Он смирился, продолжая ненавидеть. Любовно холя эту бессильную ненависть, последнее из еще неостывших чувств, полученных в наследство от того долговязого паренька, что когда-то впервые благоговейно коснулся штурвала космофрегата.

Сейчас, сидя глаза в глаза с самым, пожалуй, крутым из этих, старый седой человек ощущал себя предателем. Но все в этом мире имеет свою цену, и на кону стояло слишком многое.

Судьба Федерации, которая должна выжить любой ценой.

И потому была боль, но не было сомнений.

- К делу? - спросил Хозяин.

- К делу, - ответил посетитель. Помолчал. И не удержался:

- Но почему все-таки - мы, если не секрет?

Это был укус, подленький, мелкий. Не стоило обращать на него внимания.

- Потому что ваша… э-э… фирма крупнейшая. Родственные… э-э… корпорации значительно менее влиятельны, - Хозяин говорил медленно, размеренно, изо всех сил стараясь держать себя в руках. - У вас ведь, если я не ошибаюсь, серьезные интересы на Далии, Татуанге, Кон-хобаре, Лютеции…

- … Герцике, Симнеле, Харибде, - поддержал толстяк.

- Верно. А также на десятке иных планет из числа реконструированных. Иными словами… - Его Превосходительство позволил себе коротенькую передышку, - вашей фирме есть что терять в случае распада Федерации.

- Допускаю, - широкое добродушное лицо толстяка оставалось невозмутимым. - И даже согласен. Что дальше?

А вот это уж был явный перебор. Он ведь все понял, он давно уже все сообразил, и сейчас просто не отказывал себе в удовольствии поиздеваться. Отыграться за все скользнувшие мимо пули, и за все заочные приговоры, и за долгие годы жуткого ужаса, бывшего неотъемлемой частью жизни до тех пор, пока по-настоящему большие деньги не сделали его неприкасаемым для закона.
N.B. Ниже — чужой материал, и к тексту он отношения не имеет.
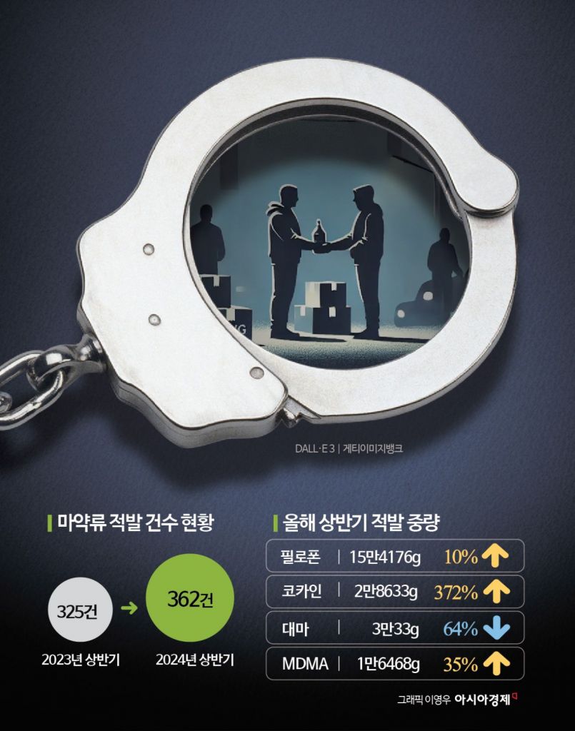 올해 상반기 국경단계서 적발한 마약류의 주요 품목은 ▲필로폰(154㎏·75건) ▲대마(30㎏·100건) ▲코카인(29㎏·4건) ▲MDMA(일명 클럽용 마약, 16㎏·40건) 등이다. 지난해 상반기와 비교했을 때 적발 중량을 기준으로 필로폰은 10%, 코카인은 372%, MDMA는 35% 증가했다. 반면 대마는 64% 감소했다.

Было сейчас в глазах человека, некогда прозванного Посылающим Вьюгу, нечто такое, что заставило посетителя вспомнить, где он находится. В этом кабинете действовали особые законы, и даже тысячи адвокатов не помогли бы ему, прими хозяин решение обидеться. Тайна "скоропостижной кончины" начальника президентской администрации, скупо отраженной в газетных некрологах, являлась тайной для очень многих, в сущности, почти для всех. Но не для бритоголового.

Усмехнувшись, седой отпустил взгляд толстяка.

- Дальше все просто. Через месяц я объявляю о созыве чрезвычайной сессии Генеральной Ассамблеи…

Да, проще некуда. Собрать Ассамблею. Поставить на повестку дня один вопрос: о самороспуске вплоть до специального указа. О введении единого правления. Об упразднении планетарных Конвентов и замене их губернаторами, назначаемыми Центром. И - о преемнике.

Большой рыхлый красиво-седовласый человек, решивший установить диктатуру, уже знал, кого назовет наследником. Он двадцатый год сидит в Форт-Брагге, тюрьме на одну персону, этот бывший ближайший соратник и боевой побратим. Они шли вместе, рука об руку, но бедняге не хватило терпения, и у него были собственные взгляды на будущее Федерации. Следует признать, прав оказался он. Что ж, все хорошо, что можно исправить. Там, в Форт-Брагге, ему было позволено работать, чтобы не превратиться в идиота, и он сохранил форму; он много и толково писал, и это стоящие, дельные работы, вот только читатель у них всегда только один. Один и тот же.

Конечно, он ненавидит Хозяина. Ну и что? Есть вещи высшие, нежели ненависть. Главное - он моложе на двенадцать лет, по сообщениям охраны - крепок, спортивен, и теперь у них единые взгляды на будущее Федерации.

- Еще лет пять назад я решил бы вопрос, не обращаясь к вам, милостивый государь. Но сейчас возможно всякое…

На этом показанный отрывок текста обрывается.